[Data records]
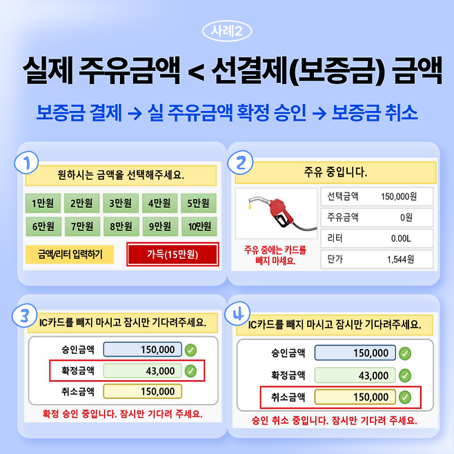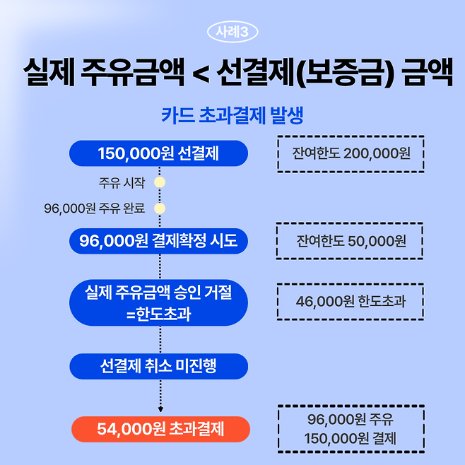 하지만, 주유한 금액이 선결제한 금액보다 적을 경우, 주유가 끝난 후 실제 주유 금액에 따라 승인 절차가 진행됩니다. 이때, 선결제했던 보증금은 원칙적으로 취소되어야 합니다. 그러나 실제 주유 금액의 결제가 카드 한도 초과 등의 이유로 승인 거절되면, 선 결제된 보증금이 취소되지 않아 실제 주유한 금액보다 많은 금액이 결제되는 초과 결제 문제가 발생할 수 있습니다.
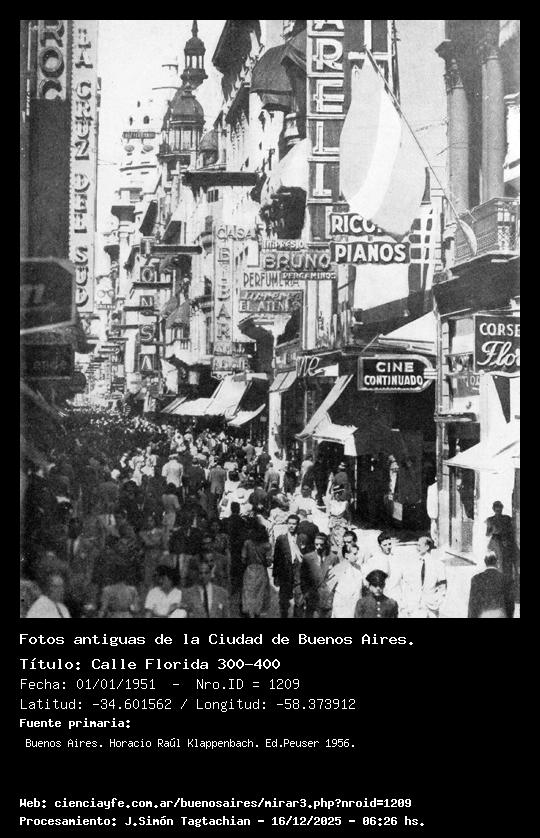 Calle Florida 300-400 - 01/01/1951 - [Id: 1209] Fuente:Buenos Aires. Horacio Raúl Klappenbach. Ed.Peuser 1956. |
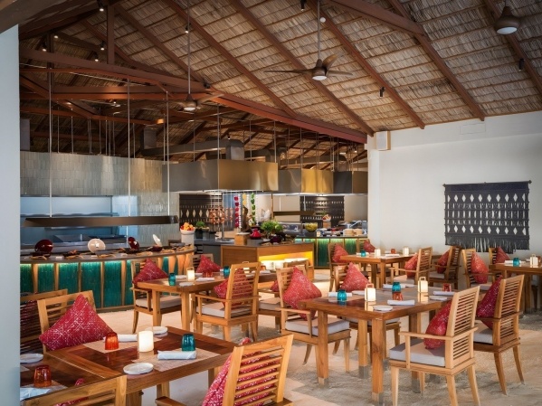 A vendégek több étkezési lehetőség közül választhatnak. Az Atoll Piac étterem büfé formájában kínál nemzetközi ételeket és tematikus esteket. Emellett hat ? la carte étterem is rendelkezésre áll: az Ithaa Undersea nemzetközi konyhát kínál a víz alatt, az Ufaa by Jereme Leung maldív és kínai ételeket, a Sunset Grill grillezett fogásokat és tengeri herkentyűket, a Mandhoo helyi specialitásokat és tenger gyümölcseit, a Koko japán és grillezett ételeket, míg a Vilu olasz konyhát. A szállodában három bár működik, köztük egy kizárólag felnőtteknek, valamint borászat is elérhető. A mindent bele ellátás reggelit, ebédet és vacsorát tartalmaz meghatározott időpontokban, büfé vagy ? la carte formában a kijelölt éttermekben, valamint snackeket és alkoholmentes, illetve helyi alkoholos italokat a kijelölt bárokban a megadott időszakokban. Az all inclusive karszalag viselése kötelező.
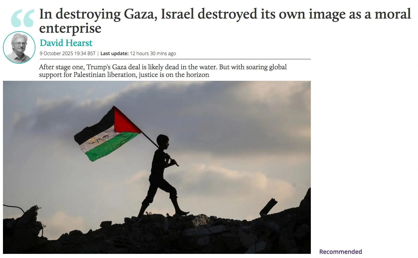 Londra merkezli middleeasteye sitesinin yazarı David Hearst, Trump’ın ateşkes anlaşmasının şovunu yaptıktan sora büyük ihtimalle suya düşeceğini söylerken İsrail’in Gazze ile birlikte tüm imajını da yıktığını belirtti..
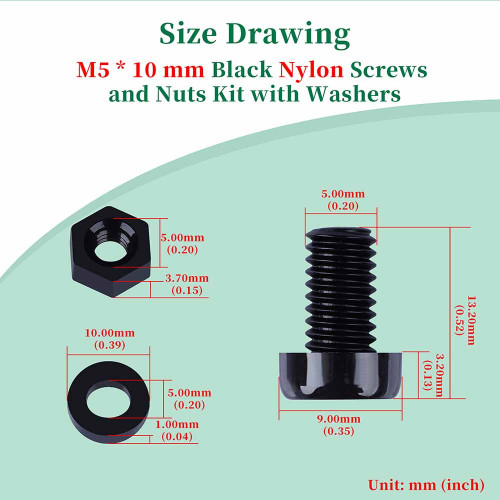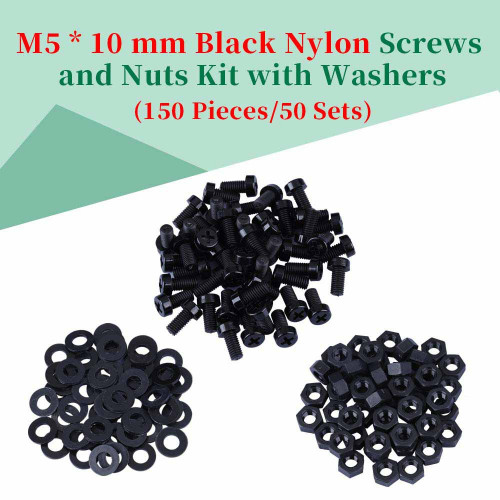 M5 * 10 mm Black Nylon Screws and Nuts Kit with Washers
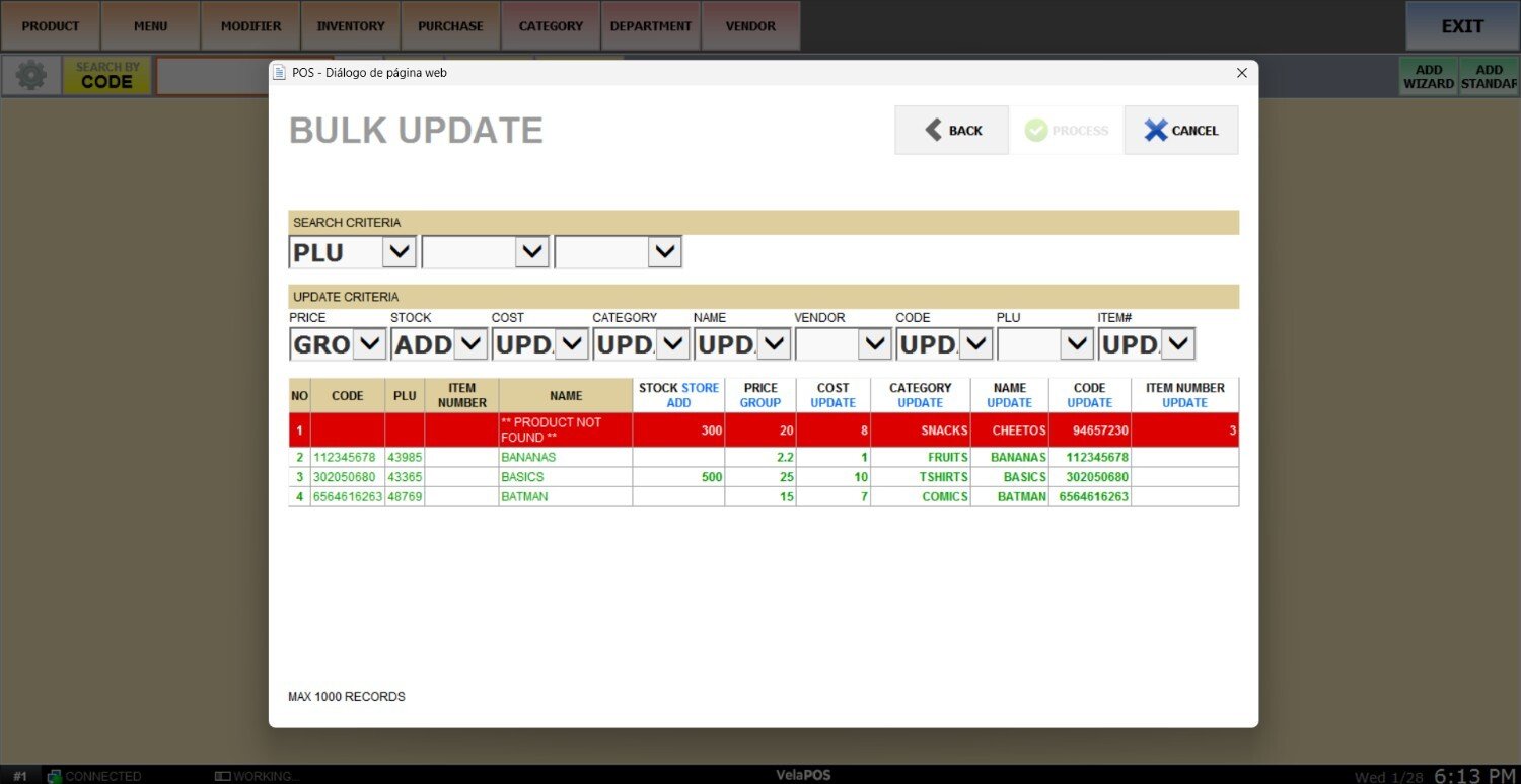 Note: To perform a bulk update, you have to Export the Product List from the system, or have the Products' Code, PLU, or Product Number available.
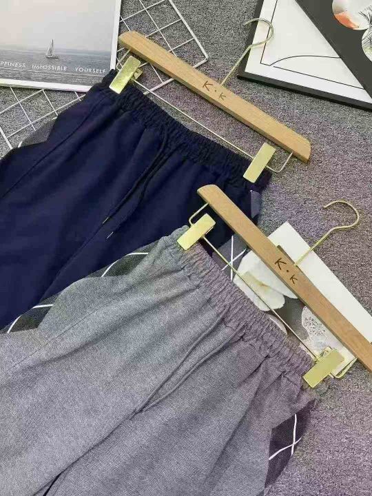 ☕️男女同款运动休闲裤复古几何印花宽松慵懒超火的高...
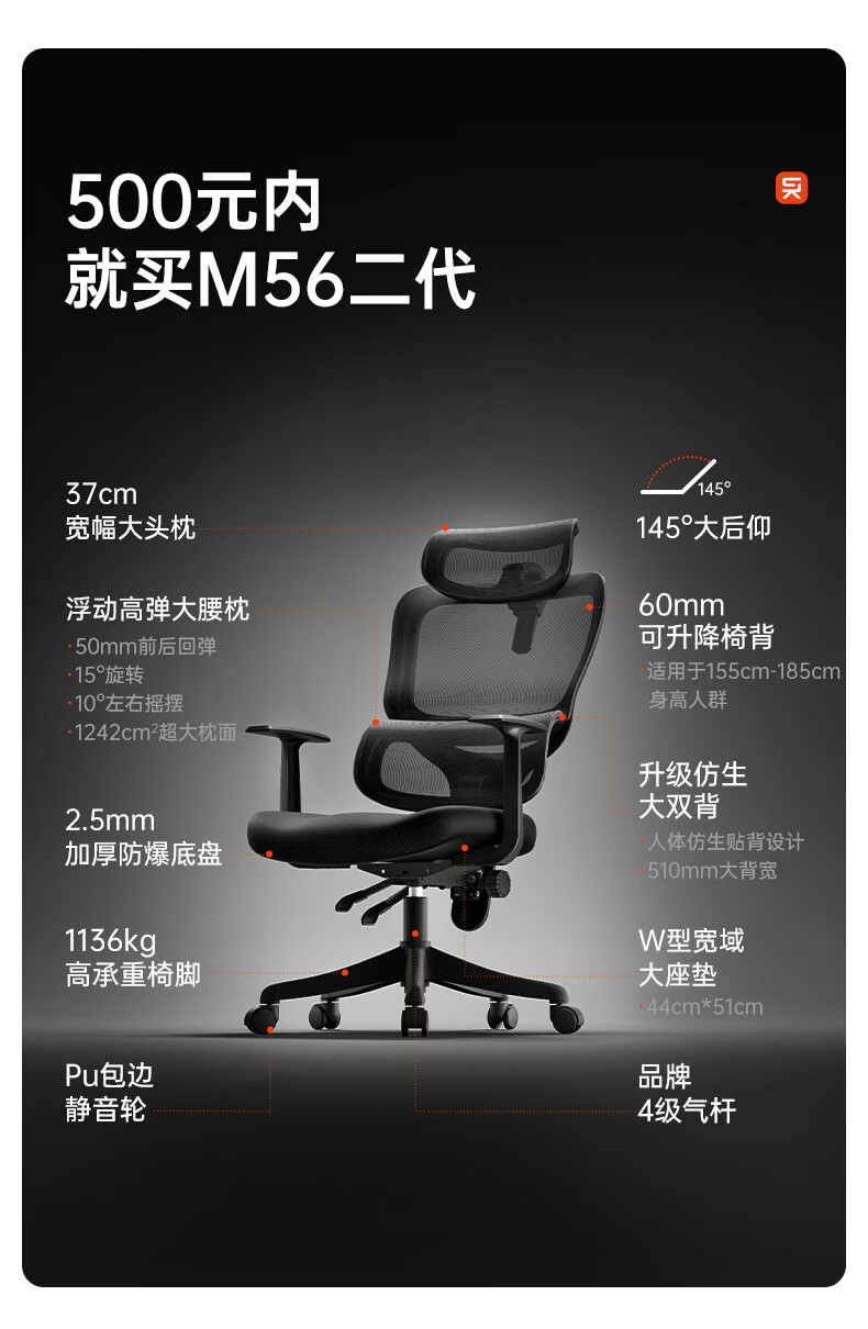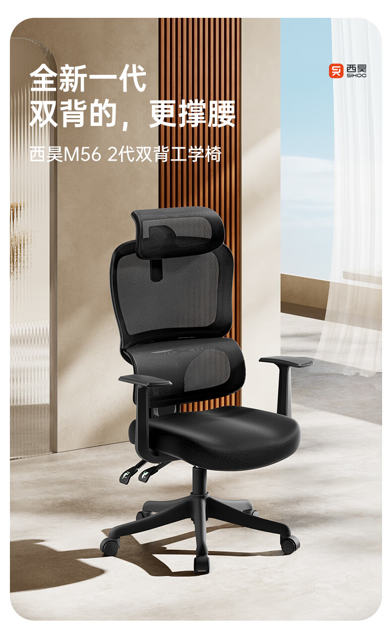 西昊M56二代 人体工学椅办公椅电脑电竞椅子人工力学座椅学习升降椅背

REQUIRED WORK. The required output is every line from the one containing "Note: To perform" through the last line of the records, inclusive, reproduced exactly and without pictures.

ANSWER AREA.
 Note: To perform a bulk update, you have to Export the Product List from the system, or have the Products' Code, PLU, or Product Number available.
 ☕️男女同款运动休闲裤复古几何印花宽松慵懒超火的高...
 西昊M56二代 人体工学椅办公椅电脑电竞椅子人工力学座椅学习升降椅背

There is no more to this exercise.